- Extracted information:
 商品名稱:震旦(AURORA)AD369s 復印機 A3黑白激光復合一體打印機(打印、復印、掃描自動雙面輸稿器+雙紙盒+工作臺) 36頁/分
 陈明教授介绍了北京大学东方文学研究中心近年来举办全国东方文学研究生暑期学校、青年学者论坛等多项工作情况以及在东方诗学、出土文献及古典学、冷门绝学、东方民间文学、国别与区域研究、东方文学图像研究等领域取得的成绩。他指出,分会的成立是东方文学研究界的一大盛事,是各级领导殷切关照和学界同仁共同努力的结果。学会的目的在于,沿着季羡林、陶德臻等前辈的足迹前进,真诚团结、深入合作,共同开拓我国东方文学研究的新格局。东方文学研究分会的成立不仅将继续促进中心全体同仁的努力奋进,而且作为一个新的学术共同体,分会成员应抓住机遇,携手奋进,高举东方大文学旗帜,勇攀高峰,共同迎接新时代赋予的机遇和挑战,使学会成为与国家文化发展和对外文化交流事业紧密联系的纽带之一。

...

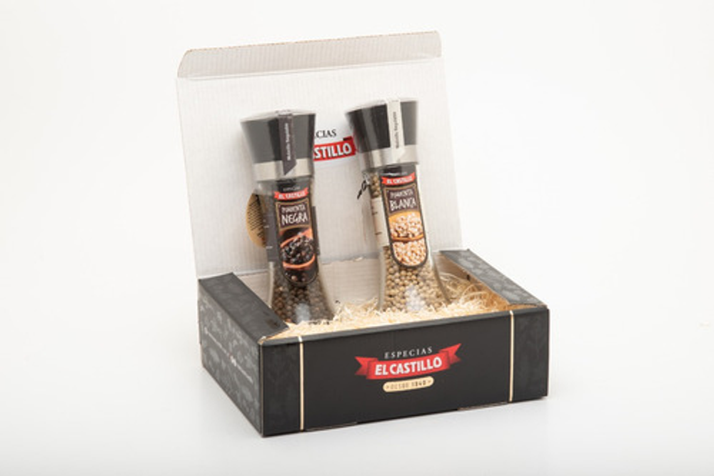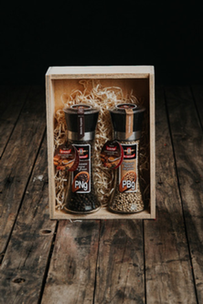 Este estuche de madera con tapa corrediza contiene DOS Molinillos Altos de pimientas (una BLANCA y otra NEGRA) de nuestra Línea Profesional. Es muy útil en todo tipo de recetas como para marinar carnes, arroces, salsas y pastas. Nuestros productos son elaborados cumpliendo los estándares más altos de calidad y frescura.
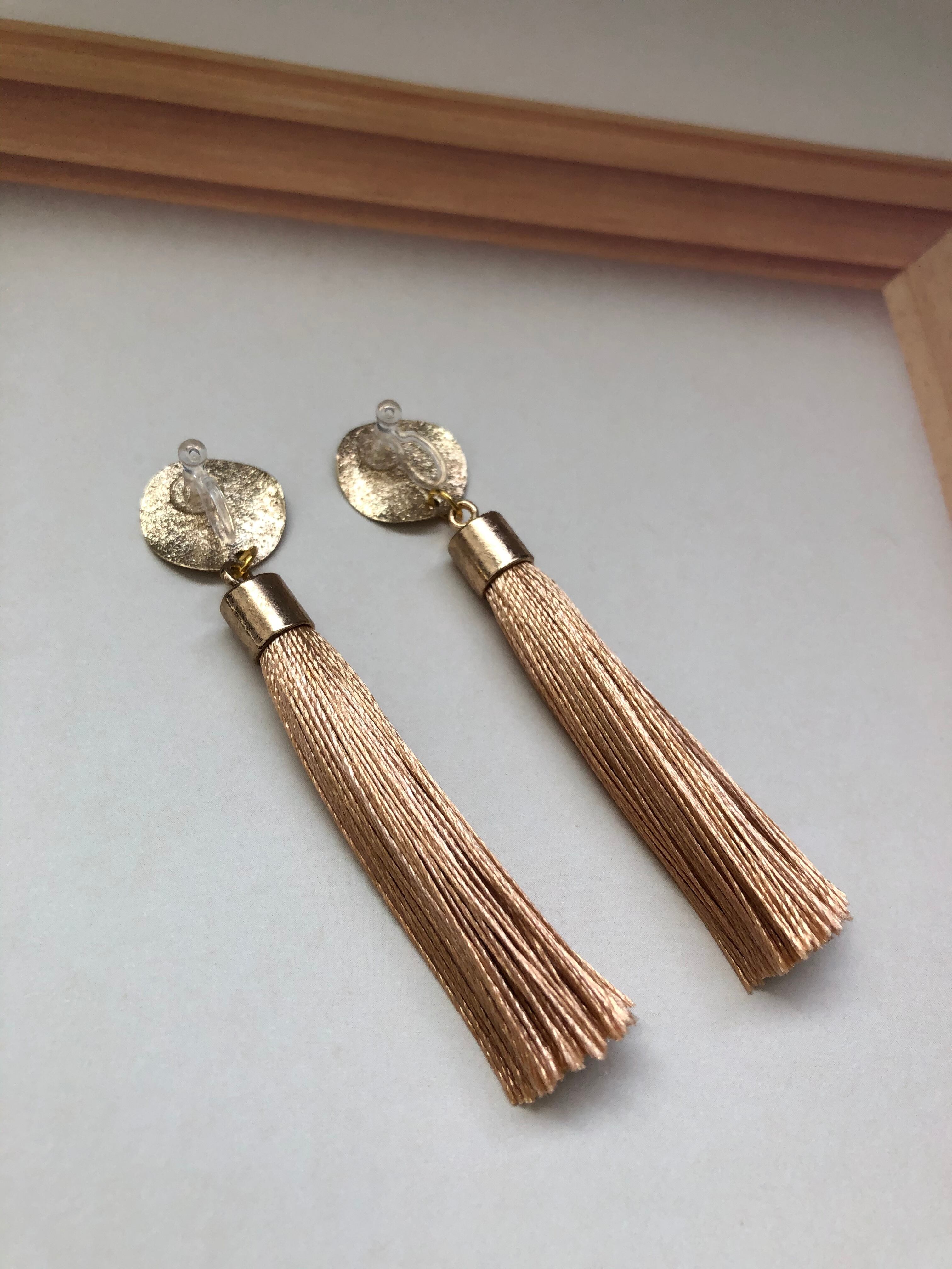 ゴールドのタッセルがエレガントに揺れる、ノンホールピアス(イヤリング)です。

- Goal of the exercise:
Whatever else the listing above holds, retype exactly only the lines from the one containing "商品名稱:震旦(AURORA)AD369s 復印機 A3黑白激光復合一體打印機(打印、復印、掃描自動雙面輸稿器+雙紙盒+工作臺)" to the one containing "陈明教授介绍了北京大学东方文", both ends kept.

- Answer to this exercise:
 商品名稱:震旦(AURORA)AD369s 復印機 A3黑白激光復合一體打印機(打印、復印、掃描自動雙面輸稿器+雙紙盒+工作臺) 36頁/分
 陈明教授介绍了北京大学东方文学研究中心近年来举办全国东方文学研究生暑期学校、青年学者论坛等多项工作情况以及在东方诗学、出土文献及古典学、冷门绝学、东方民间文学、国别与区域研究、东方文学图像研究等领域取得的成绩。他指出,分会的成立是东方文学研究界的一大盛事,是各级领导殷切关照和学界同仁共同努力的结果。学会的目的在于,沿着季羡林、陶德臻等前辈的足迹前进,真诚团结、深入合作,共同开拓我国东方文学研究的新格局。东方文学研究分会的成立不仅将继续促进中心全体同仁的努力奋进,而且作为一个新的学术共同体,分会成员应抓住机遇,携手奋进,高举东方大文学旗帜,勇攀高峰,共同迎接新时代赋予的机遇和挑战,使学会成为与国家文化发展和对外文化交流事业紧密联系的纽带之一。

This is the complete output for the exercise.